Genetic Association between Type-1 Diabetes and Thyroid Autoimmunity and Thyroid Disease in Children and Adolescents. Essentials of Simultaneous Management

Review Article

Genetic Association between Type-1 Diabetes and Thyroid Autoimmunity and Thyroid Disease in Children and Adolescents. Essentials of Simultaneous Management

Aziz KMA ^1*
Othman A ¹
Azhar S ²
Shaikh MZ ³
Naseem S ⁴
Habib S ⁵
Sabeen B ⁵
Mahmood ZK ⁶
Mahmood KK ⁷

1Aseer Endocrine and Diabetes Center, Aseer Central Hospital, Ministry of Health, Abha, Saudi Arabia.

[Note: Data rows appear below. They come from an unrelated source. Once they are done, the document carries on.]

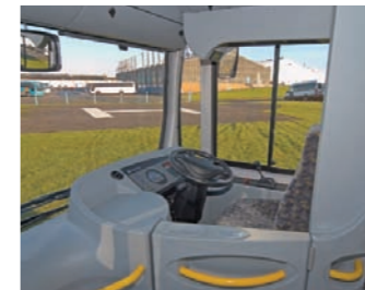
Spacious driver area.
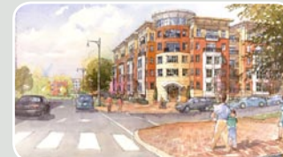
17 Blount Street Commons +/- 500 units of residential 110,000 sq ft of retail & office space
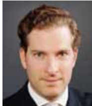
Noah Feldman Harvard Law Professor and Author
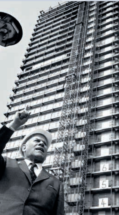
▲ Bundestag President Eugen Gerstenmaier at the topping-out ceremony of the "Tall Eugen" in 1968

2Pharmacists and Medical Researcher, B. Clinical Pharmacy, University of Karachi, Pakistan.

3Director of Sir Syed Institute of Diabetes & Endocrinology, Sir Syed Hospital, Karachi, Pakistan.

4Director Academic & Research, College of Family Medicine Pakistan.

5Department of Nuclear Medicine, Karachi Institute of Radiotherapy & Nuclear Medicine, Pakistan.

6Sindh Medical College, Jinnah Sindh Medical University, Karachi, Pakistan.

7Karachi Medical & Dental College, Karachi, Pakistan.

*Corresponding Author: Kamran Mahmood Ahmed Aziz, Aseer Endocrine and Diabetes Center, Aseer Central Hospital, Ministry of Health, Abha, Saudi Arabia.

Citation: Aziz KMA, Azhar S, Shaikh MZ, Naseem S, Habib S, et.al. (2023). Genetic Association between Type-1 Diabetes and Thyroid Autoimmunity and Thyroid Disease in Children and Adolescents Essentials of Simultaneous Management, Journal of Endocrinology and Diabetes Research, BioRes Scientia Publishers. 1(1):1-4. DOI: 10.59657/2996-3095.brs.23.003

Copyright: © 2023 Kamran Mahmood Ahmed Aziz, this is an open-access article distributed under the terms of the Creative Commons Attribution License, which permits unrestricted use, distribution, and reproduction in any medium, provided the original author and source are credited.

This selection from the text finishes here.